##### SUPPLIED INFORMATION

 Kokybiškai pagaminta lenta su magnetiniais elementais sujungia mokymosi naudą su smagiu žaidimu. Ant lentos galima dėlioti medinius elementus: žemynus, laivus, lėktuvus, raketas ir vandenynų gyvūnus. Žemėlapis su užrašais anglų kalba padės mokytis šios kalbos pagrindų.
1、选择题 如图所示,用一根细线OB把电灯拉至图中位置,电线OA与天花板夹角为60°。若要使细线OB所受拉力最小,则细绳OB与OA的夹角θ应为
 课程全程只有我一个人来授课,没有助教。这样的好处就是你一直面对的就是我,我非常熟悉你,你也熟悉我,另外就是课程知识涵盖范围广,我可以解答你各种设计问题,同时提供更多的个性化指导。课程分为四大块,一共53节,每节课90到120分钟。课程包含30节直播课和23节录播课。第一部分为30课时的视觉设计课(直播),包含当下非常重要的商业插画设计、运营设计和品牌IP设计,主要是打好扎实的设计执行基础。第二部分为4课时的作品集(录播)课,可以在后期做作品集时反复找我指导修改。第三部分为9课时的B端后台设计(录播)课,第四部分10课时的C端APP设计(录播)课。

##########
##### SUPPLIED INFORMATION

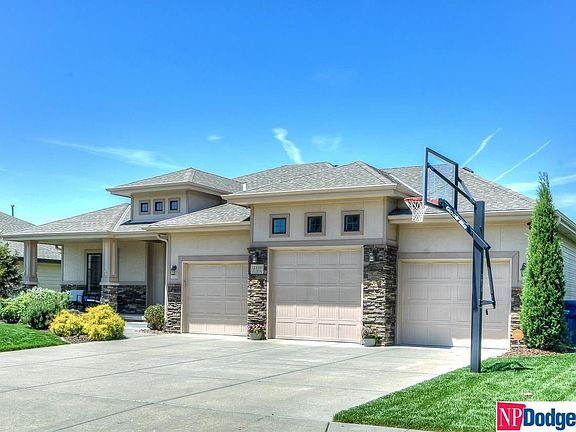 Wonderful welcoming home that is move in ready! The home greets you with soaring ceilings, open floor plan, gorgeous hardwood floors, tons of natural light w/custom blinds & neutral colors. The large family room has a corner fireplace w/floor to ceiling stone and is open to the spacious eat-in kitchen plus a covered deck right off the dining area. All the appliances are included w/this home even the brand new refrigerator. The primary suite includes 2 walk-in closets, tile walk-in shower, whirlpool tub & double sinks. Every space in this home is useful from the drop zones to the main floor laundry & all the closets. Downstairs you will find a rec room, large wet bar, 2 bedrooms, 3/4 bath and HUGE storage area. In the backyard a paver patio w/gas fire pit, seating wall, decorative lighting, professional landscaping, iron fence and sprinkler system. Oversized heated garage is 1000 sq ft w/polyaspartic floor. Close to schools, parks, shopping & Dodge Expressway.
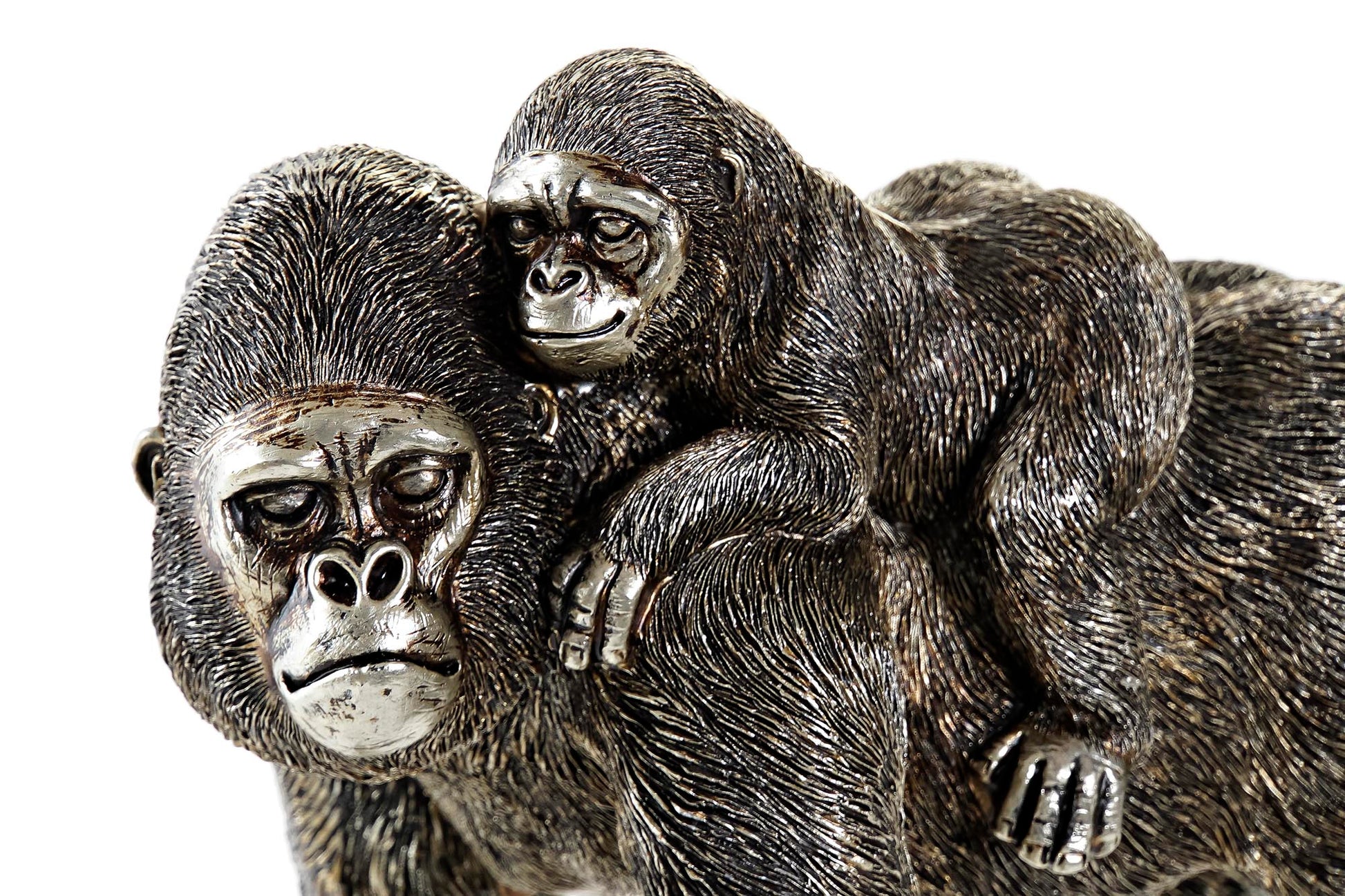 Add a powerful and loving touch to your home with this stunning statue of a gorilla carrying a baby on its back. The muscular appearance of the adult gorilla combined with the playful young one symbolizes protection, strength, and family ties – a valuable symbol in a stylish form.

##########

WORK REQUEST -
What lines above run from the one with "Wonderful welcoming home" to the one with "Add a powerful"? Give them again exactly, ends included, and leave the pictures out.

SOLUTION TO THE EXERCISE -
 Wonderful welcoming home that is move in ready! The home greets you with soaring ceilings, open floor plan, gorgeous hardwood floors, tons of natural light w/custom blinds & neutral colors. The large family room has a corner fireplace w/floor to ceiling stone and is open to the spacious eat-in kitchen plus a covered deck right off the dining area. All the appliances are included w/this home even the brand new refrigerator. The primary suite includes 2 walk-in closets, tile walk-in shower, whirlpool tub & double sinks. Every space in this home is useful from the drop zones to the main floor laundry & all the closets. Downstairs you will find a rec room, large wet bar, 2 bedrooms, 3/4 bath and HUGE storage area. In the backyard a paver patio w/gas fire pit, seating wall, decorative lighting, professional landscaping, iron fence and sprinkler system. Oversized heated garage is 1000 sq ft w/polyaspartic floor. Close to schools, parks, shopping & Dodge Expressway.
 Add a powerful and loving touch to your home with this stunning statue of a gorilla carrying a baby on its back. The muscular appearance of the adult gorilla combined with the playful young one symbolizes protection, strength, and family ties – a valuable symbol in a stylish form.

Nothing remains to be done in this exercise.